__Exercise data__:
########################################

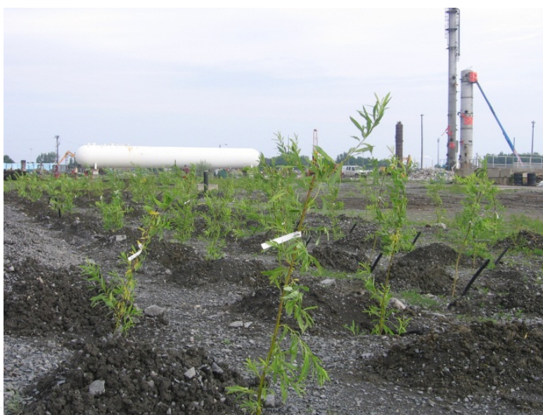
Figure 8. Phytoremediation using willows on a former oil refinery around Montreal

Phytoremediation using willows is becoming an increasingly popular alternative approach to decontamination, and several studies and pilot projects are underway. Willows have been used successfully to treat highly toxic organic contaminants such as PCBs, PAHs, and nitro-aromatic explosives [87]. Similarly, willows, in particular S. viminalis and S. miyabeana , have been shown to accumulate Cd and Zn in their stems and leaves while sequestering Cu, Cr, Ni and Pb in their roots [85,88,89,90]. In previous studies, the efficiency of willows in short-rotation intensive plantation for the elimination of heavy metals contained in wastewater sludge has been investigated [28, 59, 90]. We have also found that willow may be useful for improving sites polluted by mixed organic-inorganic pollution [91] (Figure 8).
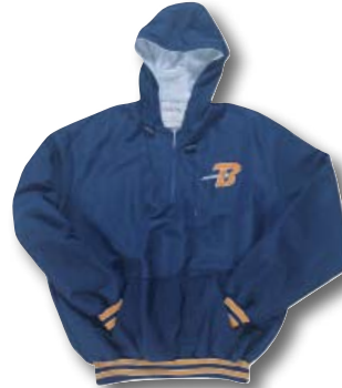
DOW 010 Set-In Sleeves page 4
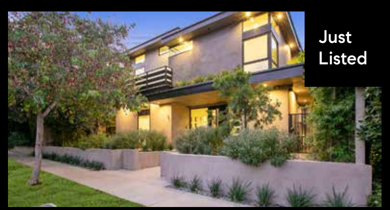
9021 Rangely Ave | 4 BD | 6 BA | $5,250,000
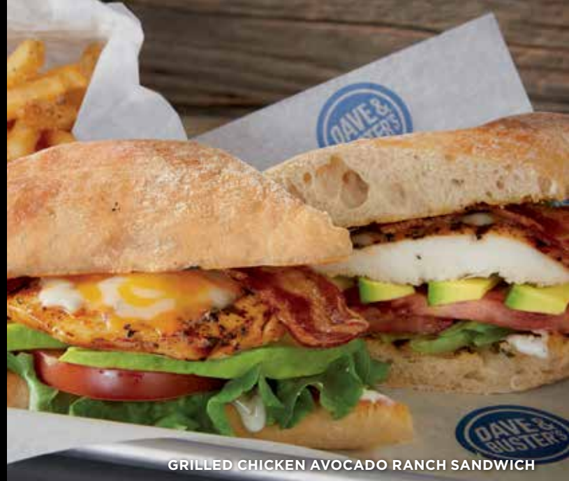
GRILLED CHICKEN AVOCADO RANCH SANDWICH

NEW! Parmesan Bacon Brussels Sprouts X.XX 424 CALS.
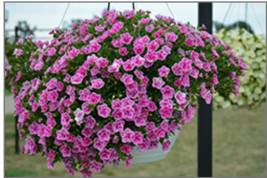
Superbells Doublette Love Swept Calibrachoa in bloom
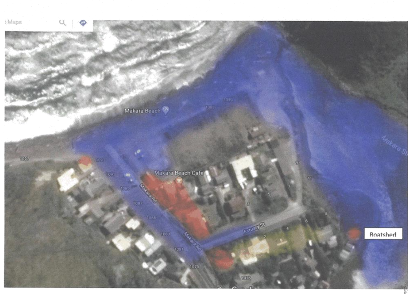
Blue - Areas reached by storm surge

Red – Property damaged caused by storm surge. All damage except the boatshed was from water that entered through the carpark or road
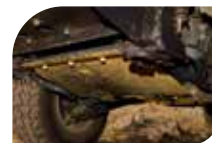
200 SERIES Front Underbody Guard*
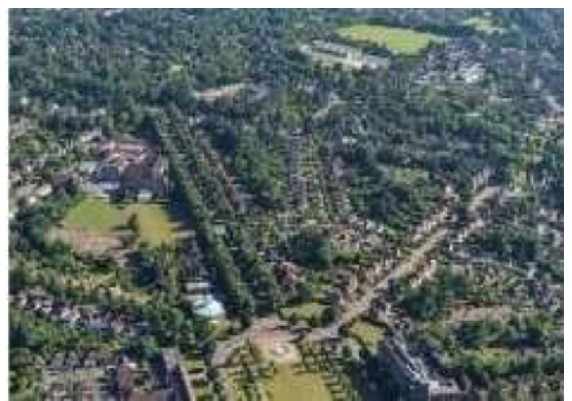
Letchworth Garden City

Howards Garden city model was directly experimented on two towns; Letchworth and Welwyn Garden City. Letchworth was the first Garden City ever built (Ebenezer Howard, 2014). It lies on a train line, 35 miles from London, located in Hertfordshire, England, and it covers an area of 5,500 acres, which used to serve as agricultural land with little or no value (Ebenezer Howard, 2014). Although Letchworth was not designed in a regular concentric pattern, it follows the zoning principles of the Garden City Model. In other to build Letchworth, Howard needed funding, but he did not get any financial support from the government. I suppose it was because the development of his ideal city had no positive effect on the pre-existing cities, which have been invested heavily upon. The idea of destroying or ignoring pre-existing cities to rebuilt perfect ones was also the basis of many other revolutionists in solving the industrial crisis. This approach displays the lack of consideration of the financial requirements in the realization of ideal cities. According to Autopodia (2014), Howard got financial support only from private investors who were concerned with their personal profits, rather than the communal growth of Letchworth City. As a result, Howard forwent the idea of communal land ownership with no landlords (Autopodia, 2014).
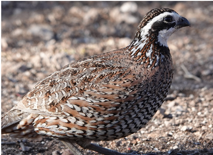
LEFT: A small covey of Northern Bobwhite Quail have been making an appearance in the bird blind.

Note: FoSASP grants financial support to any Boy Scout accomplishing his Eagle Project in the park.
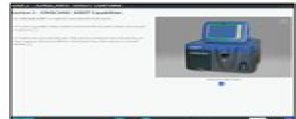
Operator Course Screen
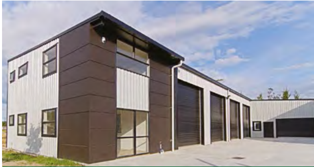
Custom industrial units
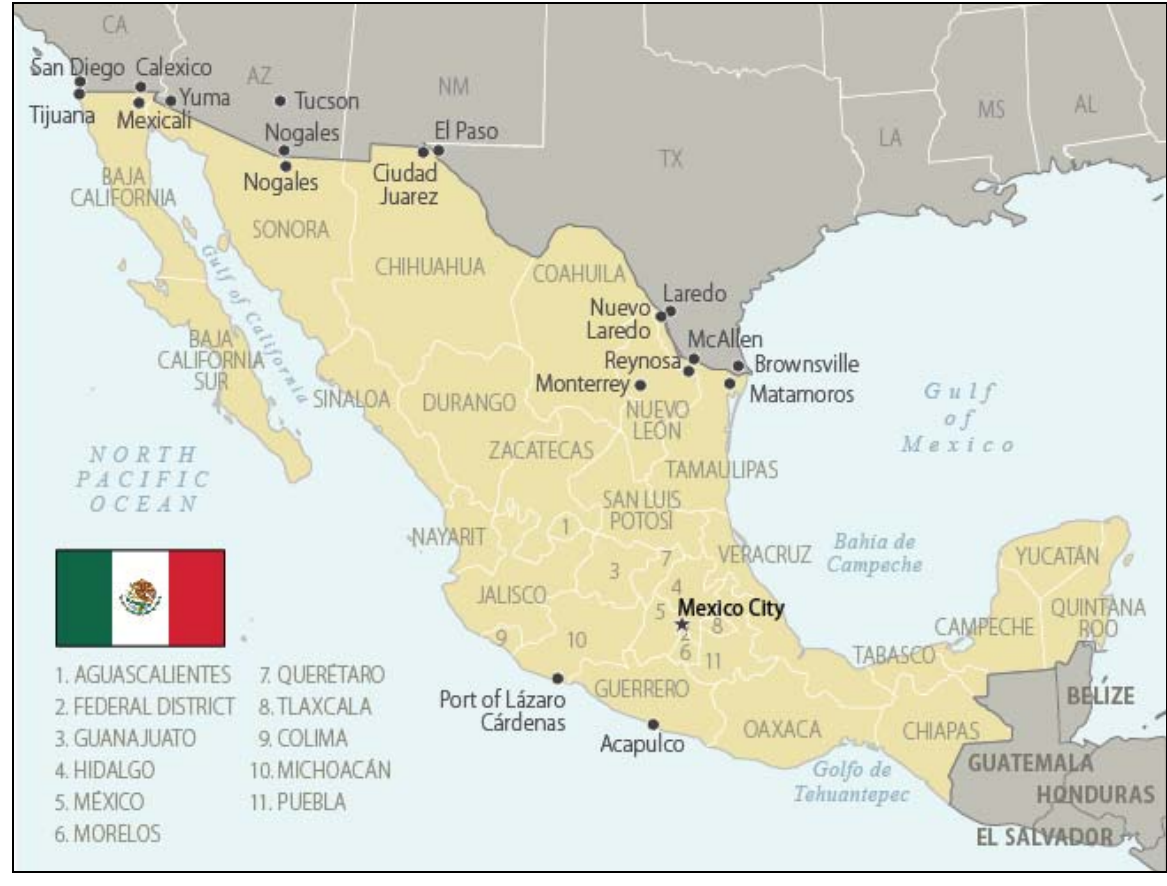
Figure 1. Map of Mexico

on trends in organized crime-related killings as opposed to all homicides, it is difficult to analyze the security situation with precision. Nevertheless, according to Mexico's national security system, homicides in Mexico declined by 16.5% in 2013 and 15% in 2014. Extortions and kidnappings, however, continued to increase until 2014.

########################################

__Work task__: Could you set down, exactly as written, every line from the start of the records above through the line containing "Letchworth Garden City", leaving the pictures out?

__Written answer__:
Figure 8. Phytoremediation using willows on a former oil refinery around Montreal

Phytoremediation using willows is becoming an increasingly popular alternative approach to decontamination, and several studies and pilot projects are underway. Willows have been used successfully to treat highly toxic organic contaminants such as PCBs, PAHs, and nitro-aromatic explosives [87]. Similarly, willows, in particular S. viminalis and S. miyabeana , have been shown to accumulate Cd and Zn in their stems and leaves while sequestering Cu, Cr, Ni and Pb in their roots [85,88,89,90]. In previous studies, the efficiency of willows in short-rotation intensive plantation for the elimination of heavy metals contained in wastewater sludge has been investigated [28, 59, 90]. We have also found that willow may be useful for improving sites polluted by mixed organic-inorganic pollution [91] (Figure 8).
DOW 010 Set-In Sleeves page 4
9021 Rangely Ave | 4 BD | 6 BA | $5,250,000
GRILLED CHICKEN AVOCADO RANCH SANDWICH

NEW! Parmesan Bacon Brussels Sprouts X.XX 424 CALS.
Superbells Doublette Love Swept Calibrachoa in bloom
Blue - Areas reached by storm surge

Red – Property damaged caused by storm surge. All damage except the boatshed was from water that entered through the carpark or road
200 SERIES Front Underbody Guard*
Letchworth Garden City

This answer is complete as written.